I attempt to drag him into a huge vertical gouge that stretches up the trunk of a ragged oak, bent on getting out of sight. “Come on, Sionnach.” He’s nearly as unmovable as the tree. Flickers of purple-blue fire from the ruined Veil reflect off his green glass eyes.
Before we reach the cover of the wood, the shadow shatters the last fragile pane of Veil glass. The thing flows purposefully toward us. Sionnach snaps out of his trance and scrabbles backwards, dragging me with him.

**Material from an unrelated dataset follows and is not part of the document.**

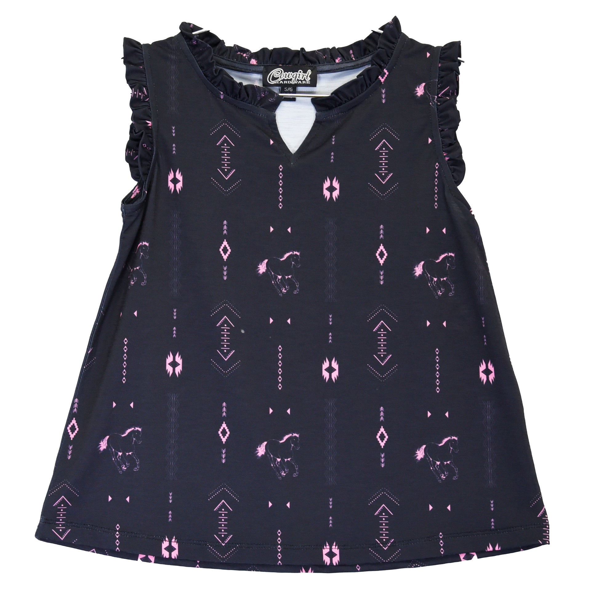 Girls Horse Aztec Ruffle Trim Tank Top by Cowboy Hardware
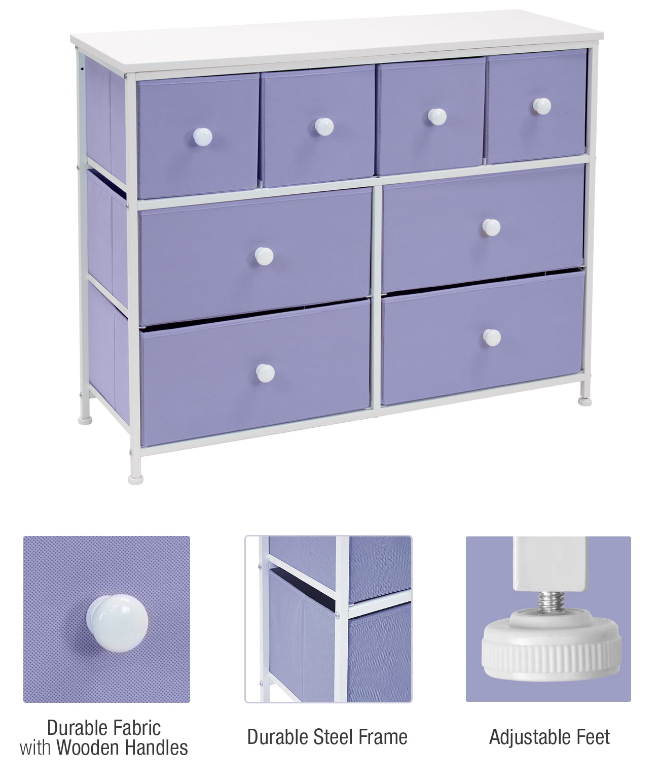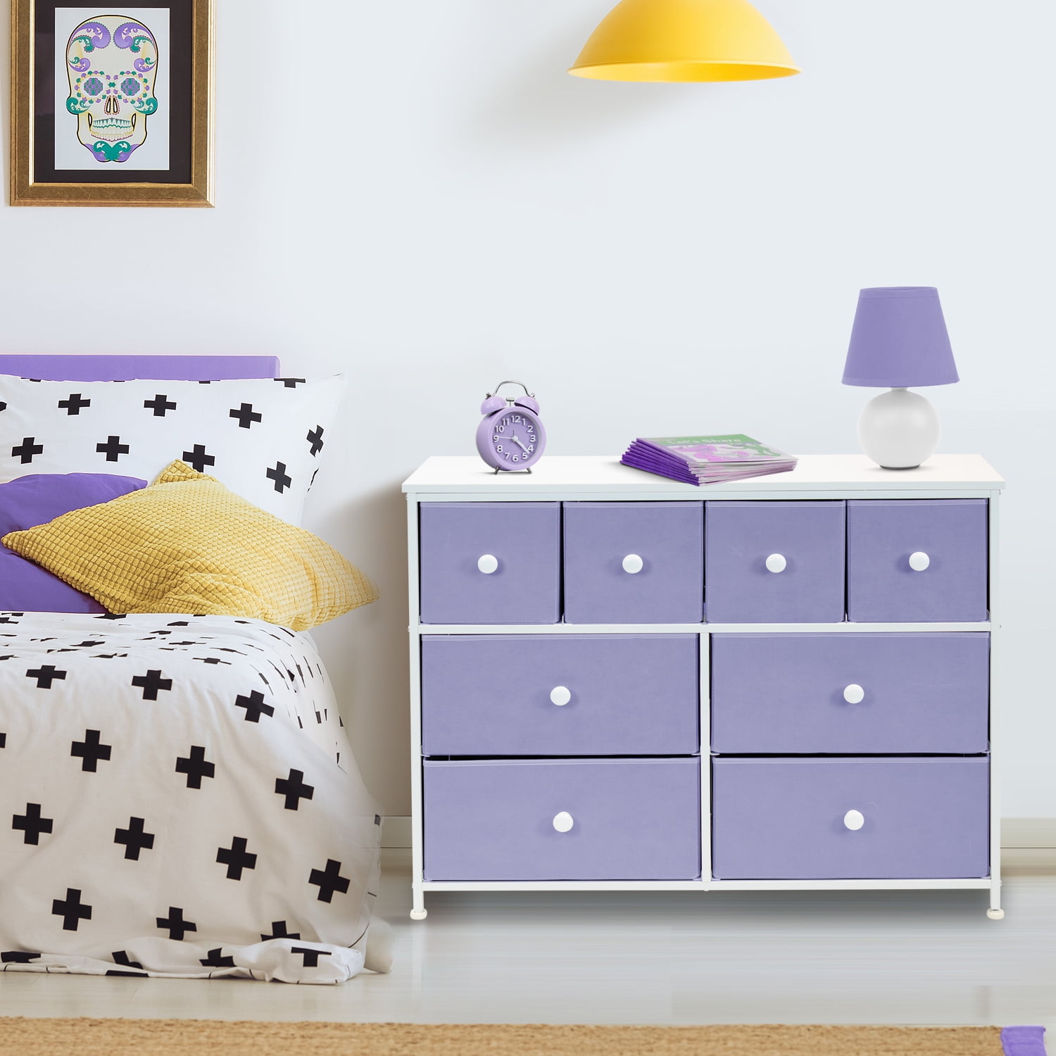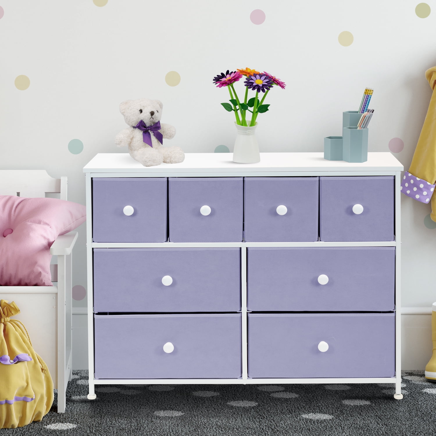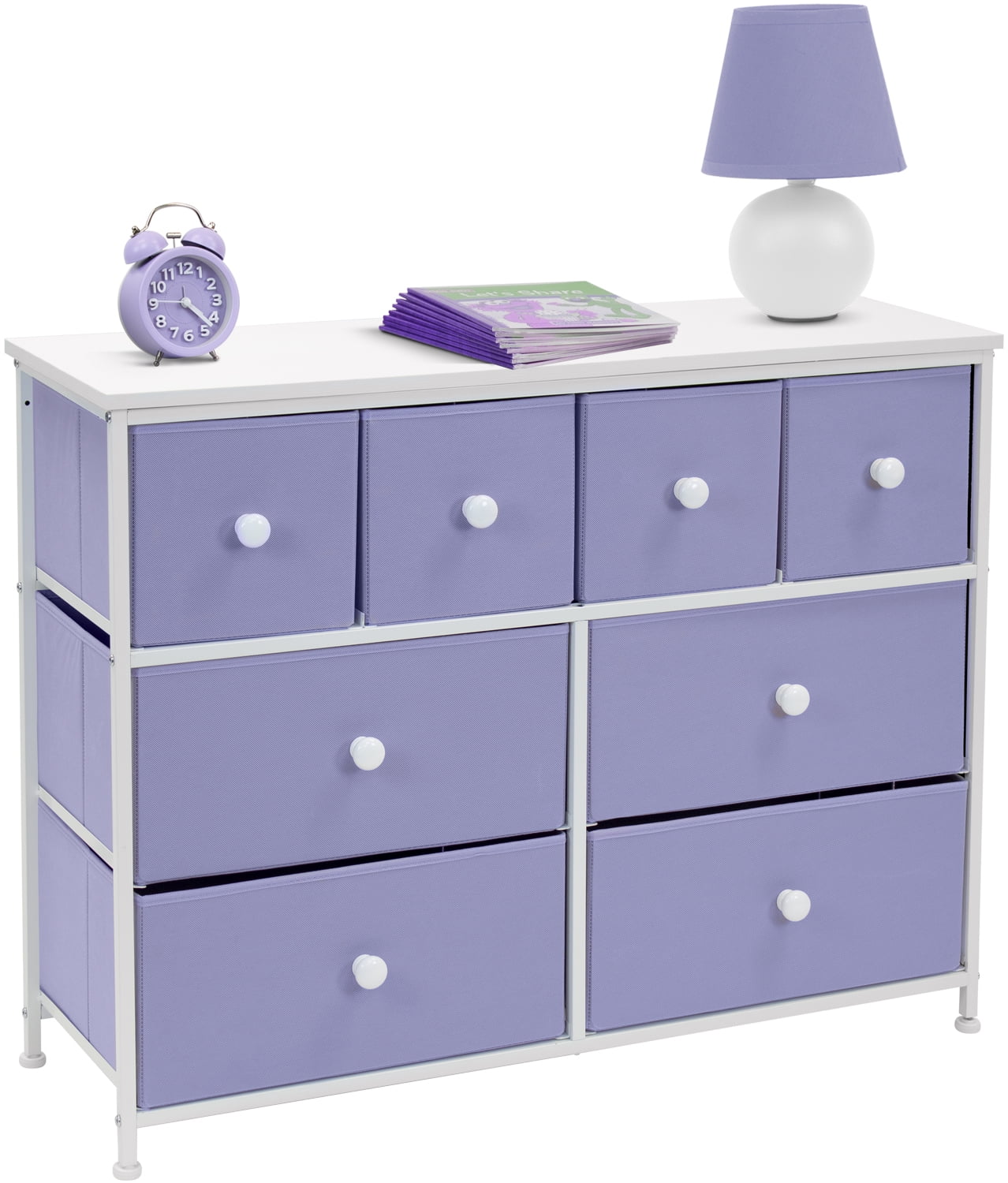 Tuck away your essentials in the Sorbus 8-Drawer Dresser! Sleek and minimal, this furniture piece features a faux wood top surface and strong steel frame. Each drawer pulls out to reveal all your clothing, linens, and more. Place anywhere from your bedroom, office, or college dorm to get organized in style. The lightweight frame makes this unit easy to transport and when not in use, simply fold the fabric drawers flat for storage. Use alone or pair with similar styles from the Sorbus Furniture Collection. Great for any room. Add this charming dresser to your primary bedroom for storage or spare room filled with blankets and towels for guests. Set a framed photo or potted plant on its tabletop surface for that final touch. Place in any walk-in closet to organize your wardrobe and accessories. Use in a college dorm or use in the nursery and playroom for toys, clothing, and baby products Kid-friendly design. 8-drawer dresser (purple). Lightweight and easy to assemble. Hardware and instructions INCLUDED. Drawers made of non-woven (polyester) fabric. Frame made of steel and MDF wood finish. Accessories shown in image NOT INCLUDED. Measures approximately 39.37″ L x 11.81″ W x 30.7″ H.

An arm draped in a fluttering sleeve hangs in the air, ink suspended in oil. It telescopes longer until the tip of our pursuer’s finger touches Sionnach’s chest at the heart. Screams erupt simultaneously from Sionnach and the monster, fragmenting every cloud in the sky into pieces the size of cotton balls. Even the moon dims and bobbles as a shock wave passes over it.
The hunter dissipates in a gust of wind, and Sionnach falls limp in my arms.
Chapter 19
The Druid
It takes a few tries before I find the thready pulse in Sionnach’s neck. I press my lips to his hair and rock him. After smoothing away curls, I give his cheek a gentle slap in the hope of reviving him. My rag doll doesn’t respond. Fear courses through my veins. He can’t leave me.
In desperation, I push his lips apart with mine and whisper his name over and over to send my breath into him. Slowly, his mouth moves against mine. Those beautiful green glass eyes flutter open then flare.
He sits too quickly and falls back against me. “Something’s wrong.”
“We’re way past wrong.” I place a soft kiss on his forehead. “That shadow nearly killed you.”
He splays one hand over his heart and the other over mine. Both pound with strength to rival summertime thunder. As he assesses the balance of our heartbeats, I’m tempted to stretch one of his cherry ringlets then watch it spring back.
With a grunt, Sionnach drops his hands, pointing at our real-time waxing moon. “We’ve enough heartbeats to spare. Break day is far off.”
“Where’s this Veil countdown clock you see and I don’t?”
He collapses onto the grass and pulls me into the hollow of his shoulder. “Lie with me a moment.” He hums the same song he did that first night we overstayed our time in the Veil. Vibrations in his chest buzz softly against my cheek, and my heart steadies.
He pushes to his feet, bringing me along. With a slight bobble, we’re up and stalking toward the now familiar white poplar at the edge of the woods where we left the car. I can’t believe his fánaí tree stayed with us amid a Veil wildfire with a freaky shadow demon on our tail. Sionnach runs his finger over a line of char on one of Alfie’s trunks.
I tap a row of dark green triangles. “Why is that nasty thing wrecking the Veil to chase us?”
He rips off his jacket. “Get changed. We’re staying in the present for a spell.”
I grab his arm. “What in the name of sanity just happened to you?”
Sion pauses and then curves his hands around my waist. “Swear on Alfie’s bark, I don’t know.” He crosses himself. “I’ve never seen such hellfire in my traveling.”
“The shadow, the man in robes who hurt you, you called him Father?”
Sion’s hands cover his heart. “Truth of it, he had the look of Father Colm I told you about.”
With the robes and cap, the shadow did match the childhood imaginings of what a priest enraged by my sins might turn into on the other side of the confessional screen. “You said you worked for Father Colm. Maybe he’s not hunting us. It could be a warning.”
Sion makes a low hum in his throat.
I’m afraid to ask the next question. “Is the Veil gone?”
Steady hands cup my face. “No. It can’t be undone. The power that created it has no equal. Since we’re close to a feast day, it’s at its thinnest, most vulnerable.” He kisses the end of my nose. “It’s but a wee stretch that’s roasted.”